> _Information supplied_:
■ ■ ■ ■ ■ ■ ■

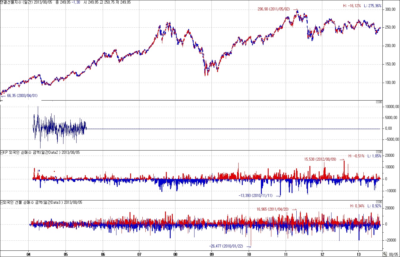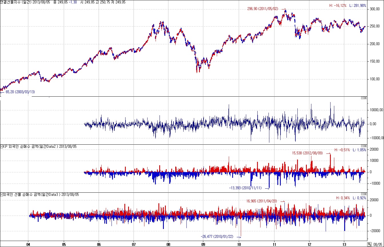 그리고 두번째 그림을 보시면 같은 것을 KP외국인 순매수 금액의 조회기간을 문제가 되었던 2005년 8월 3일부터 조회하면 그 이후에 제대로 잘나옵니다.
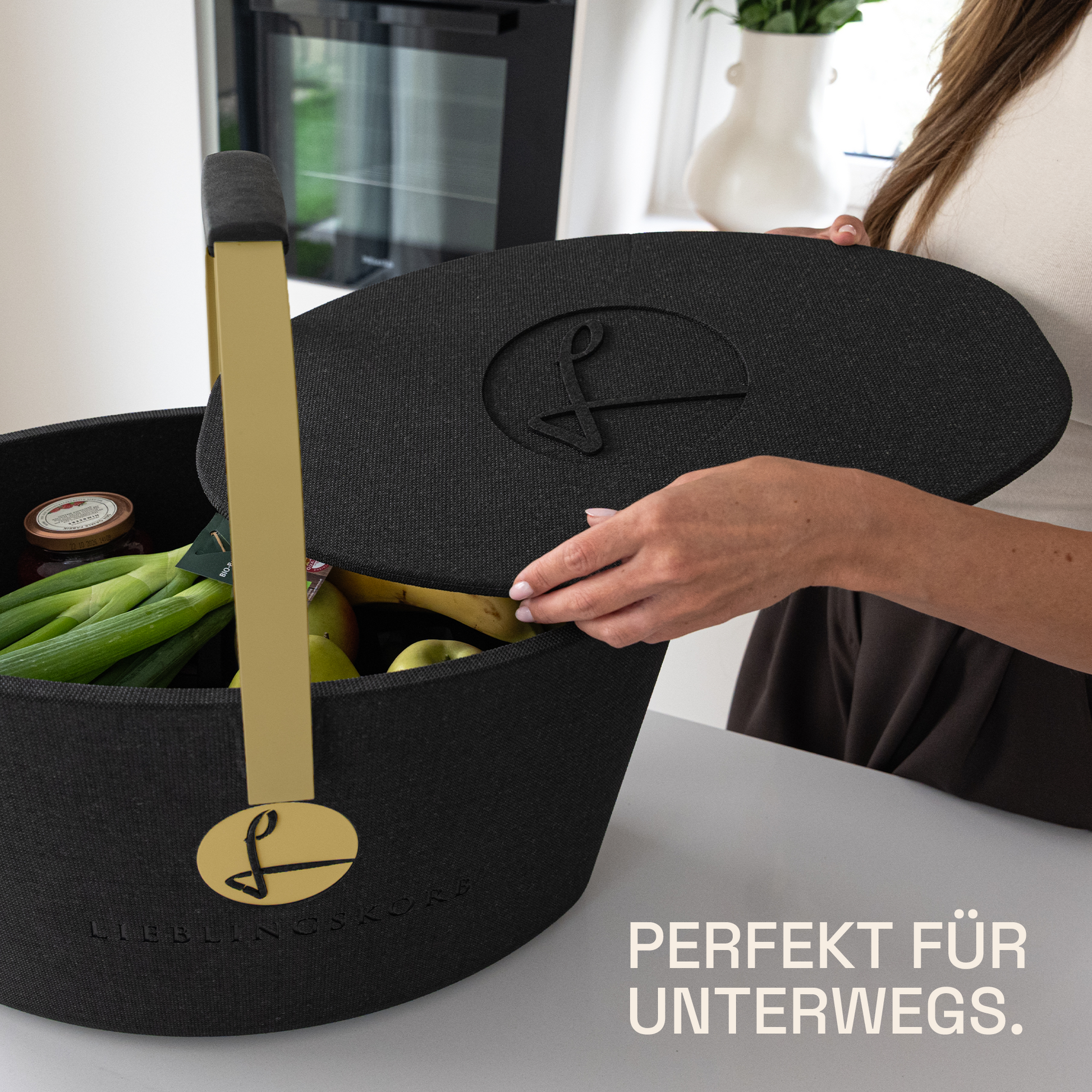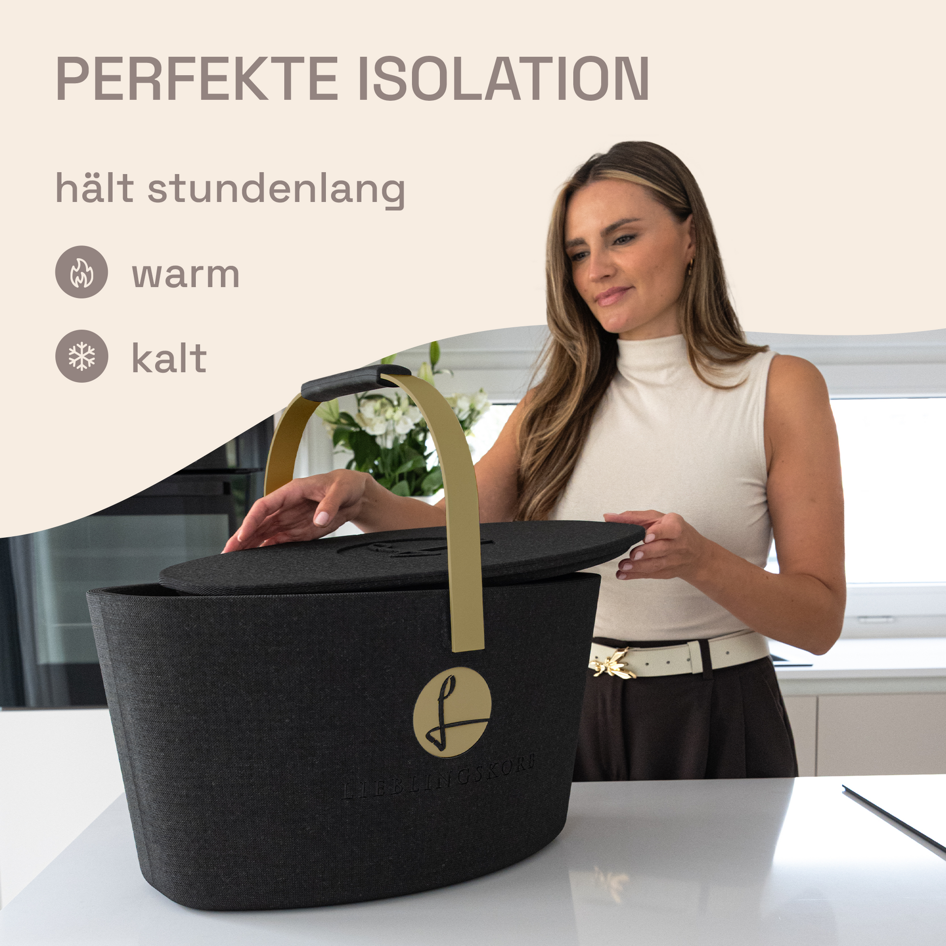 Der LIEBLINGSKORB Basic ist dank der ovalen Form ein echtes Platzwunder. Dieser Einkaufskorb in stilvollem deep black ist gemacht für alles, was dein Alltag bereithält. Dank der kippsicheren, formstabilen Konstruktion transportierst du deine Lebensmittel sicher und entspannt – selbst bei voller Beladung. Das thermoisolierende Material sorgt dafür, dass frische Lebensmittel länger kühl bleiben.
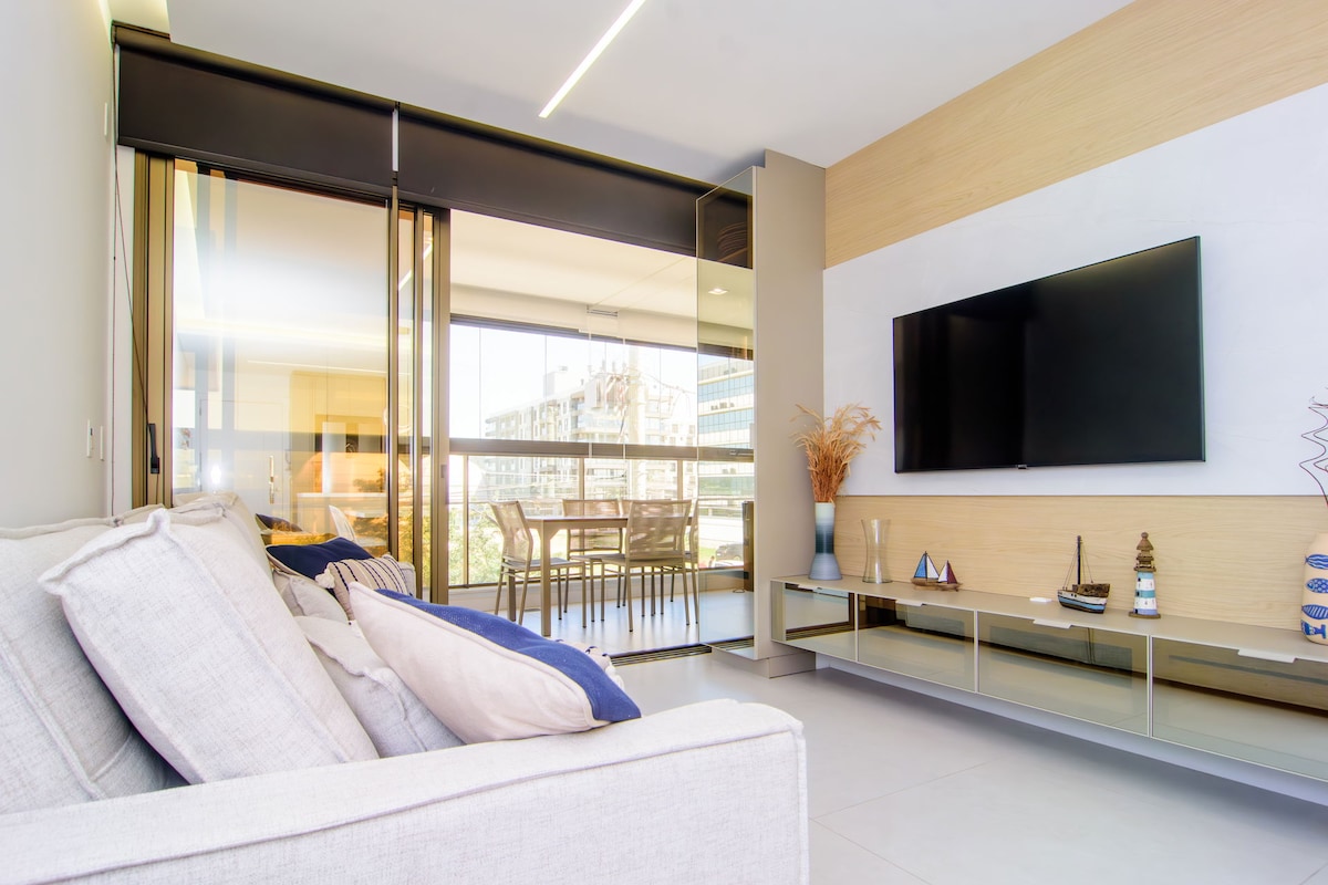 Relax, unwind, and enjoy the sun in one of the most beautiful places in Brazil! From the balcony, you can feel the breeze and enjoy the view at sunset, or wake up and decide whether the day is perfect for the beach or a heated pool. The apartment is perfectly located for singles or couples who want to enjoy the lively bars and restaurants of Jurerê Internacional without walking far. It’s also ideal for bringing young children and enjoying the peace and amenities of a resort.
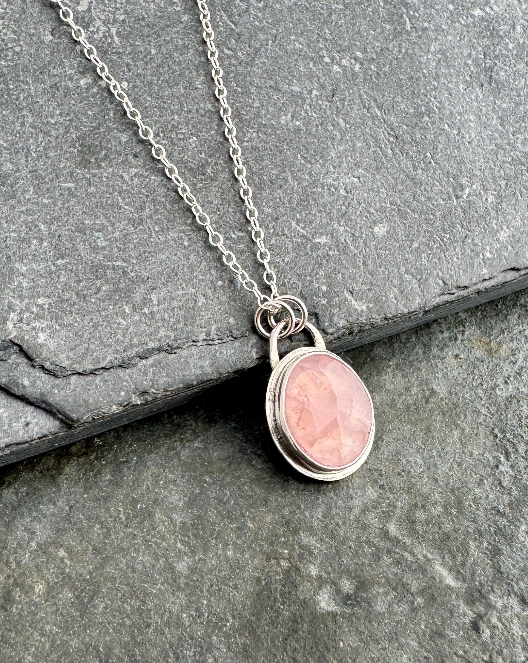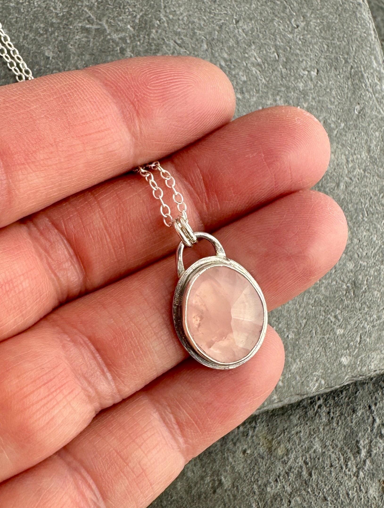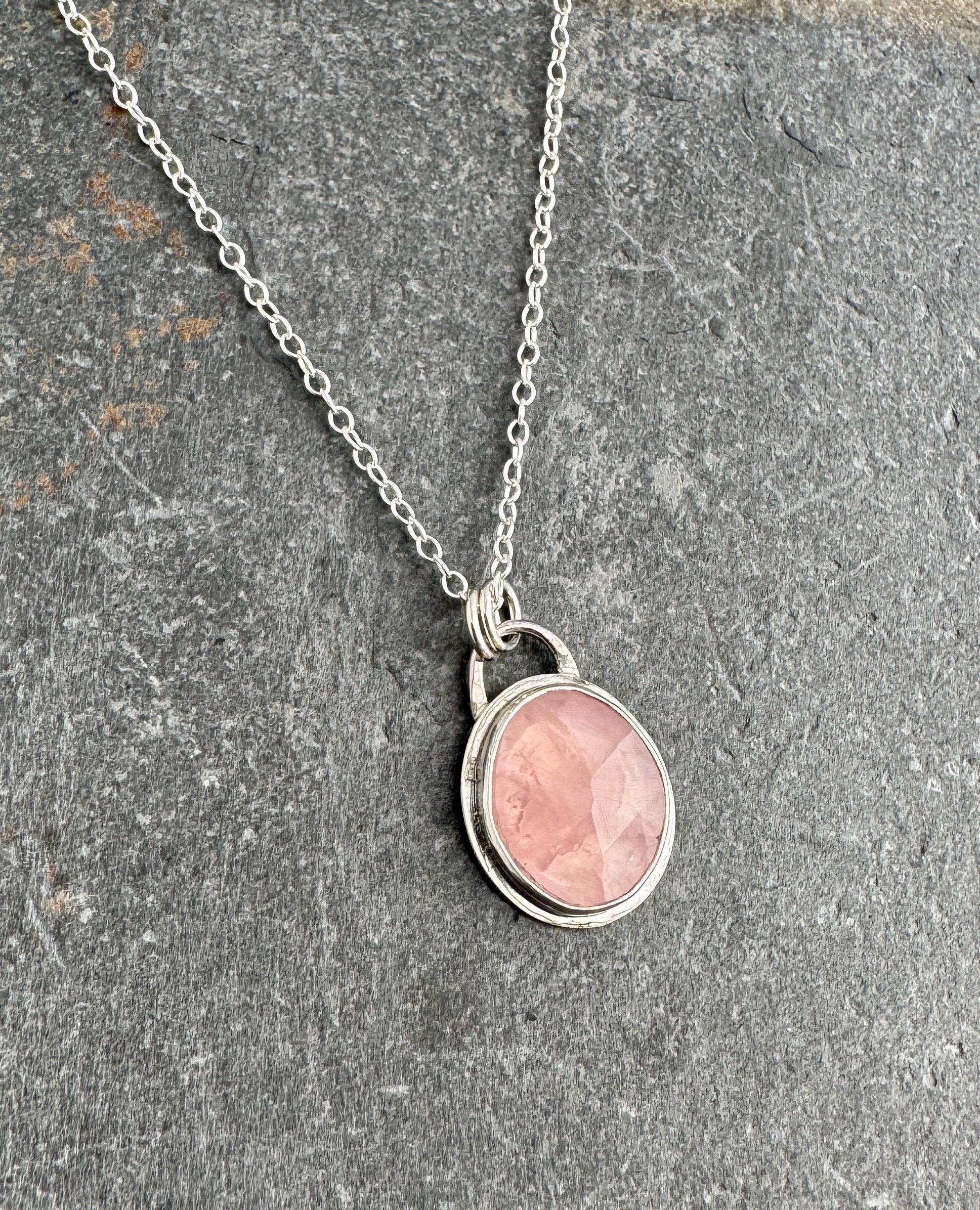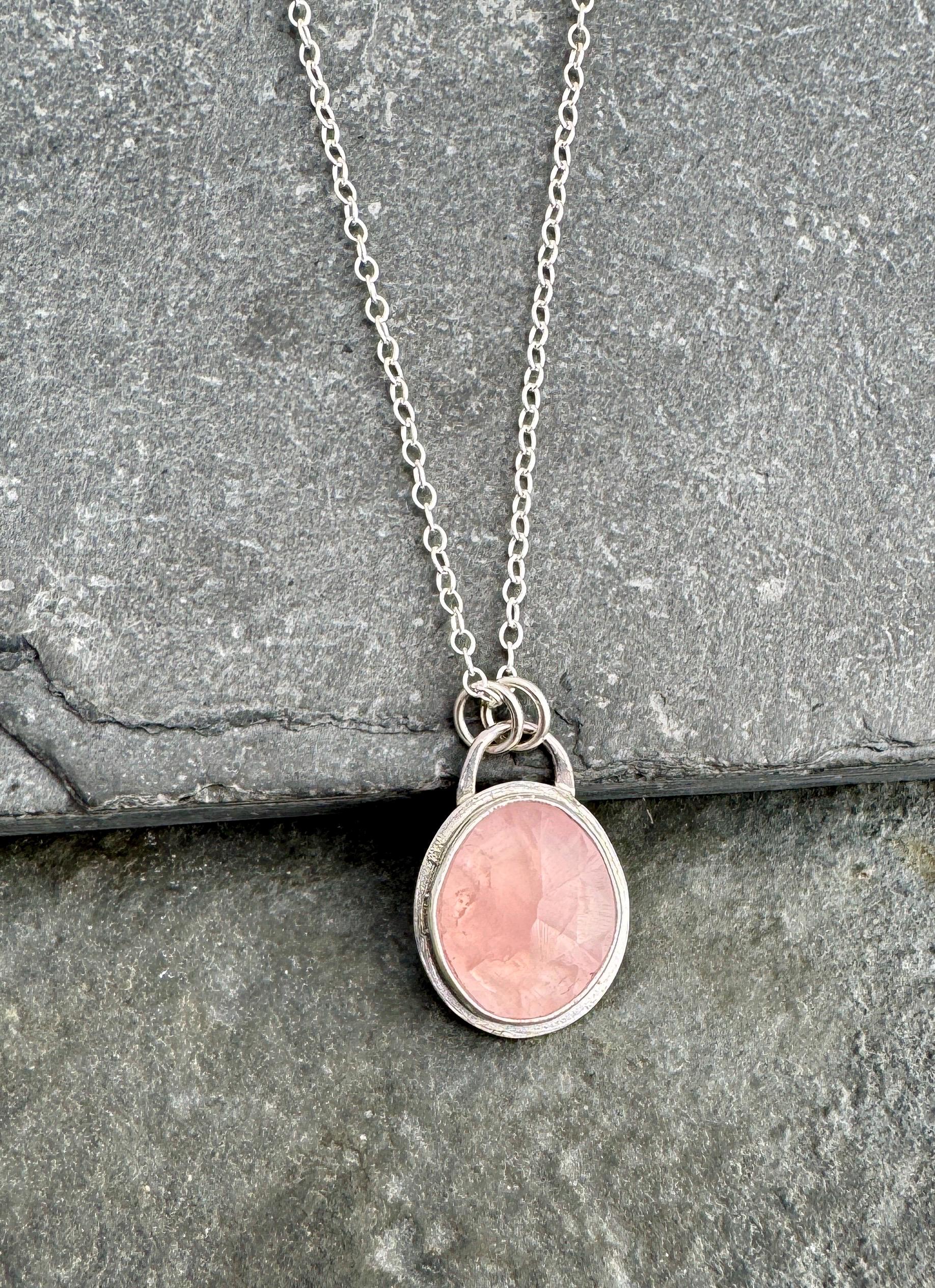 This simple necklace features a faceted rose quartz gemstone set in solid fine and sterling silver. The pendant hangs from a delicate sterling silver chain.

■ ■ ■ ■ ■ ■ ■

> _What you will do_: No pictures should appear in the copy, which holds exactly the lines from the first line of the data through the line with "Der LIEBLINGSKORB Basic" and nothing else.

> _Response for this exercise_:
 그리고 두번째 그림을 보시면 같은 것을 KP외국인 순매수 금액의 조회기간을 문제가 되었던 2005년 8월 3일부터 조회하면 그 이후에 제대로 잘나옵니다.
 Der LIEBLINGSKORB Basic ist dank der ovalen Form ein echtes Platzwunder. Dieser Einkaufskorb in stilvollem deep black ist gemacht für alles, was dein Alltag bereithält. Dank der kippsicheren, formstabilen Konstruktion transportierst du deine Lebensmittel sicher und entspannt – selbst bei voller Beladung. Das thermoisolierende Material sorgt dafür, dass frische Lebensmittel länger kühl bleiben.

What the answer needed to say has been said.